## Exercise instructions
Set the listing down exactly; no pictures.

## Provided material

[Start of Attachment]

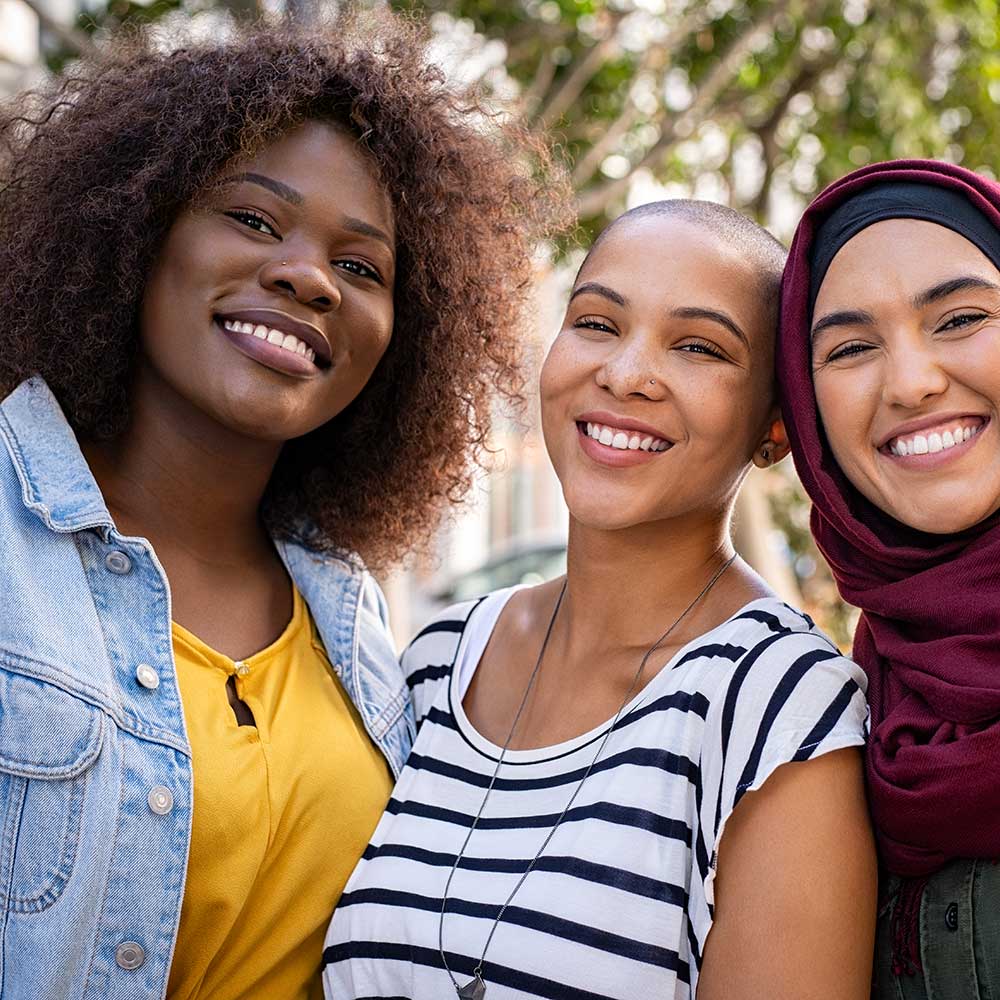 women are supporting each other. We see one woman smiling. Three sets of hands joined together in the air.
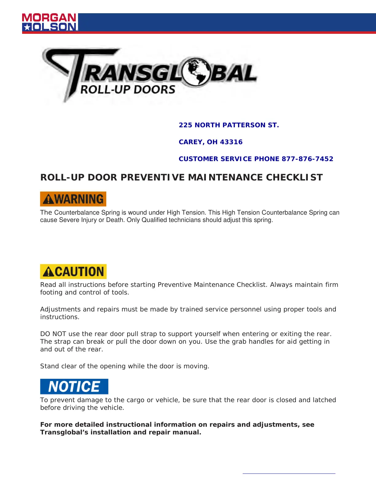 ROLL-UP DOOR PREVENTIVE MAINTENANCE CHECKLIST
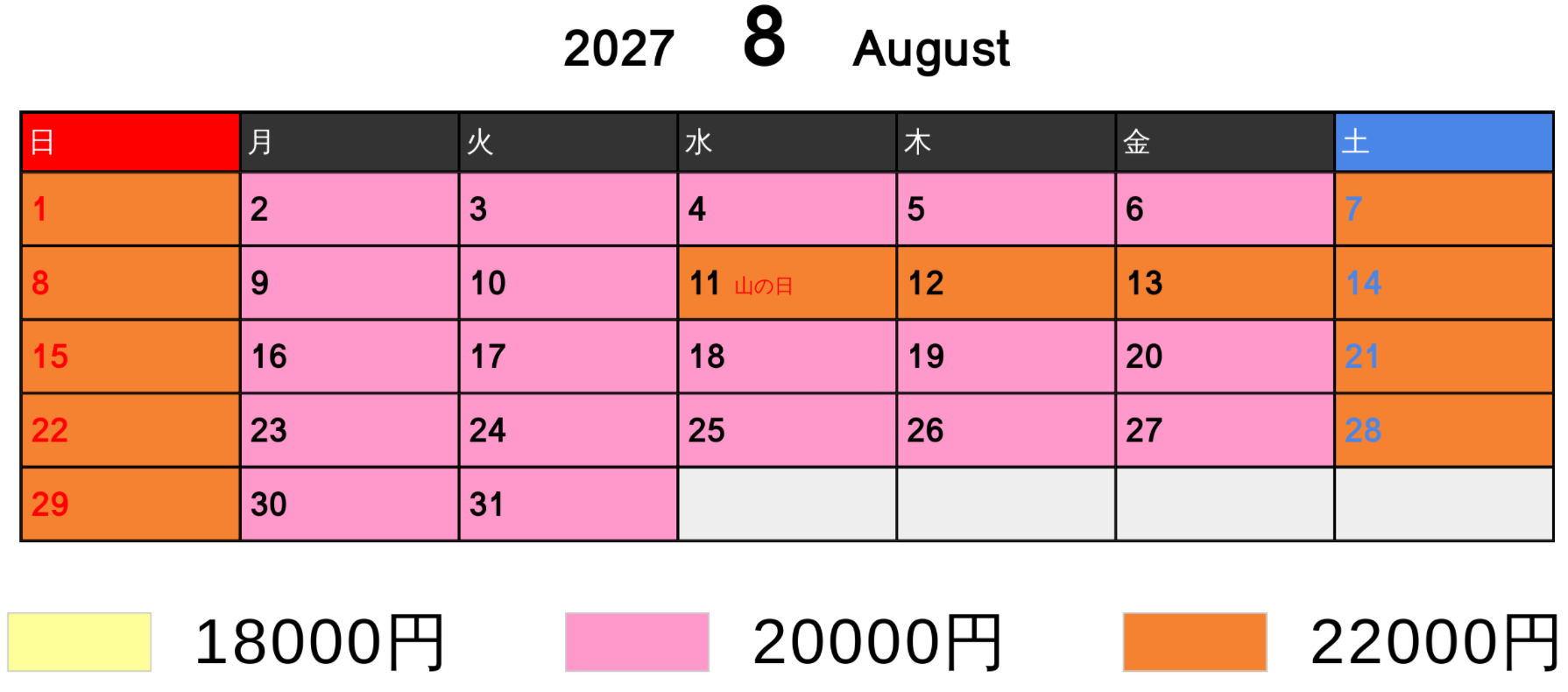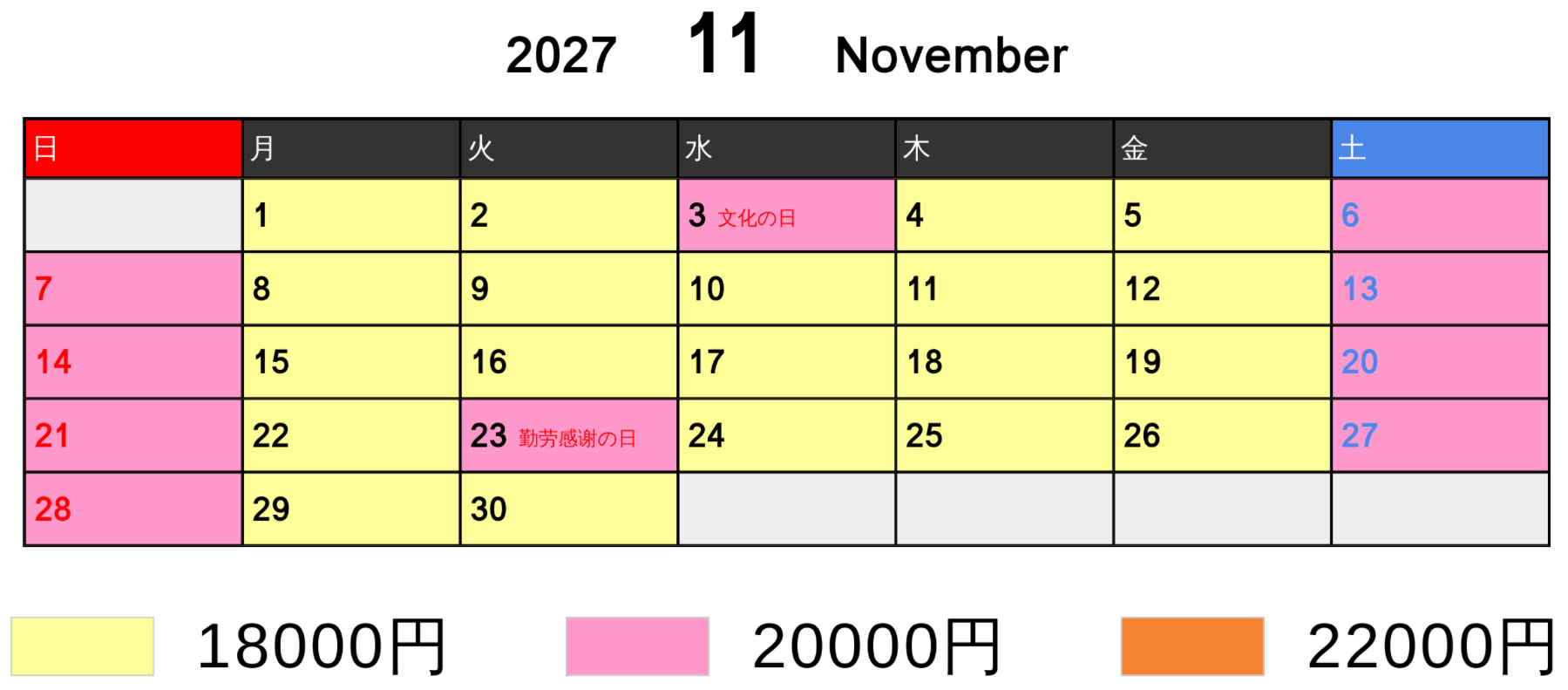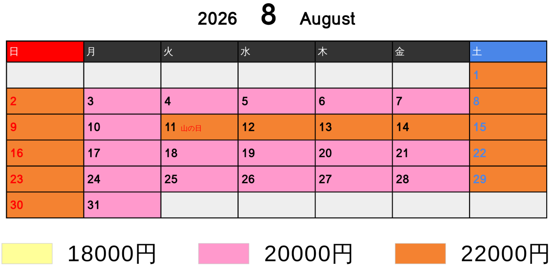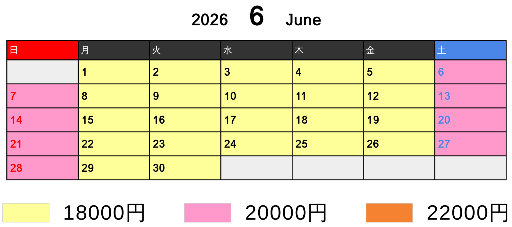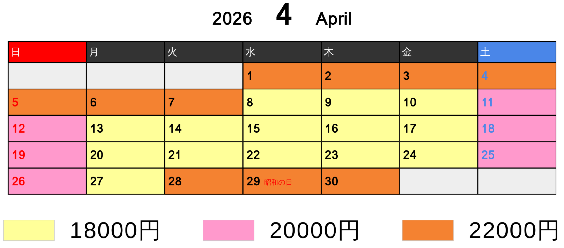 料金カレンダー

[End of Attachment]

## Answer to the exercise
 women are supporting each other. We see one woman smiling. Three sets of hands joined together in the air.
 ROLL-UP DOOR PREVENTIVE MAINTENANCE CHECKLIST
 料金カレンダー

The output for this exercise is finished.